Islam tidak melulu berbicara mengenai ibadah wajib (mahdhah, vertikal), tapi juga ibadah sosial (ghairu mahdhah, horisontal). Tidak ada yang lebih penting dari yang lainnya. Keduanya harus serimbang, seiring dan sejalan, saling melengkapi serta saling menyempurnakan. Melakukan ibadah wajib semata adalah orang yang merugi, karena belum memberi manfaat kepada sesama (bangsa dan negara). Sedangkan melakukan ibadah sosial tanpa dibarengi ibadah wajib, maka akan sia-sia.
Pada kenyataannya, masih banyak umat Islam di Indonesia yang masih memahami bahwa kesalehan di mata Allah SWT hanya kesalehan pribadi semata. Sementara, kesalehan sosial belum dianggap sesuatu yang penting dan menjadi bagian dari hidup keseharian. Padahal, dalam ajaran Islam banyak mengandung nilai-nilai sosial yang memiliki peran yang sangat besar dan signifikan dalam pembangunan bangsa.

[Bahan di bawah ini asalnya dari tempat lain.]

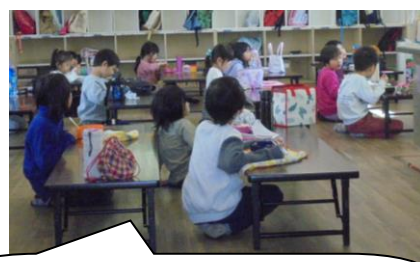
えのきクラブのお昼時間。オルゴールが鳴っていて、みんな黙って前を向いて静かに食べていました。りっぱです。

他の学校では、子どもたちが朝から集団で遊んでいるとか大きなショッピングモールにたむろしているとか、学校に電話がかかってきているところもあるそうですが、大江小はまったくありません。家庭教育力の高さが伺えます。本当にしっかり子どもたちのことを考え支えてくださり、ありがとうございます。さすが大江の保護者だなあとと思います。
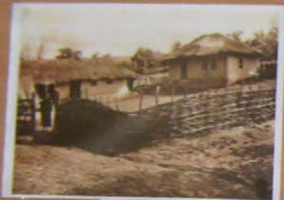
Casele din Buzău
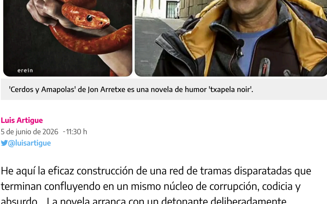
'Cerdos y Amapolas' de Jon Arretxe es una novela de humor 'txapela noir'.

Luis Artigue 5 de junio de 2026 - 11:30 h @luisartigue
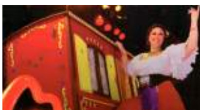
ROULOTTE ENCHANTEE et LIGNES de la MAIN : avec la Voyante gitane, le Cirque a une âme !
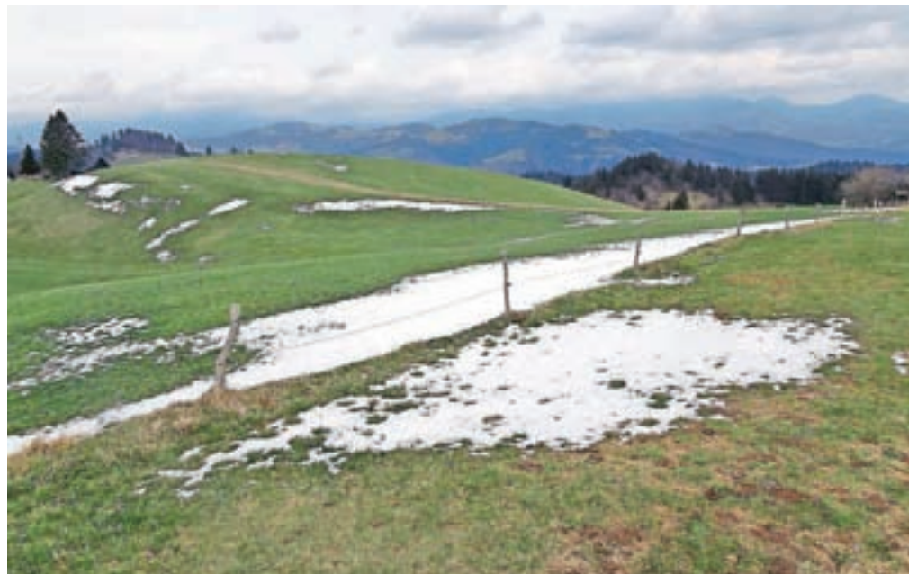
Razgleden in neporaščen Mrzli vrh

Nadmorska višina: 987 m Višinska razlika: 550 m Trajanje: 3 ure Zahtevnost: ★★★★★
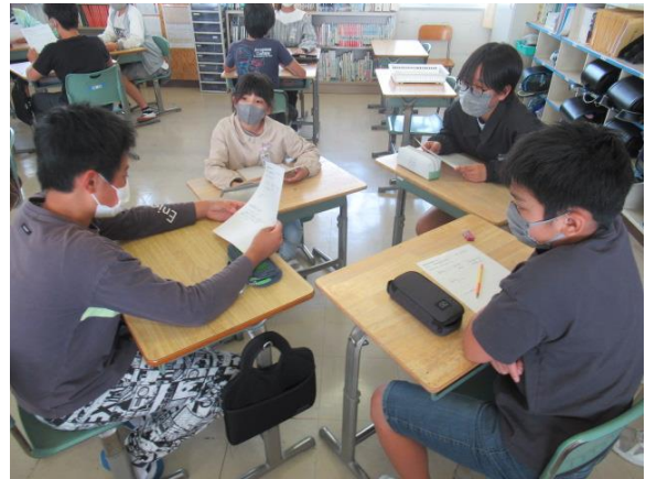
いつも活発に話し合っています

Berikut beberapa nilai sosial Islam yang bisa dijadikan sebagai modal dasar pembangungan bangsa, di antaranya:
Ta’awun (Tolong-Menolong)
Memiliki sifat suka menolong merupakan salah satu ciri orang yang beriman (At-Taubah: 71). Menolong tanpa pamrih, tulus, dan hanya mengharap keridhaan Allah SWT semata. Bukan menolong karena berharap imbalan materi atau ingin dipuji oleh orang lain. Tolong-menolong harus dalam hal kebaikan dan kemaslahatan, bukan dalam hal keburukan dan kezhaliman. Tolong menolong dalam skala kecil seperti menolong tetangga atau menolong rekan kerja. Sedangkan menolong dalam skala yang luas, seperti yang kuat menolong yang lemah, yang kaya menolong yang miskin, yang berkuasa menolong yang terzhalimi. Suka menolong harus menjadi kesadaran iman bagi setiap Muslim. Buat apa kita rajin beribadah tapi enggan memberikan pertolongan. Buat apa kita kaya-raya tapi hanya untuk diri sendiri dan enggan berbagi. Mengapa kita tidak malu mengaku Muslim jika tidak memiliki kepedulian pada orang lain. Mengapa kita mesti bangga telah menjadi orang sukses, jika di sekitar kita masih banyak orang yang kesusahan. Dan bagaimana kita bisa percaya diri mengaku sebagai pejuang, apabila kita membiarkan penyakit sosial makin merajalela. Menyantuni fakir-miskin, mengurus anak yatim, menolong kaum dhuafa bukanlah tugas pemerintah saja tapi tugas kita semua (tugas setiap orang yang mengaku beriman). Kalau ada tetangga kita yang miskin, kalau ada di kampung kita yang menjadi pengemis, kalau masih banyak di desa kita yang tidak mampu sekolah jangan langsung menyalahkan pemerintah dan salahkan diri kita sendiri. Mengapa kita tidak membantu mereka, mengapa kita tidak peduli dengan mereka. Tolong-menolong dalam lingkup kehidupan bernegara dan berbangsa terjadi antara pemerintah dan rakyat. Kedua elemen tersebut jika tidak saling tolong-menolong, maka pembangunan akan terhambat. Program-program pembangunan yang dicanangkan pemerintah harus mendapat dukungan dan partisipasi dari rakyat. Sedangkan pemerintah harus dengan terbuka menerima masukan dan aspirasi dari rakyat.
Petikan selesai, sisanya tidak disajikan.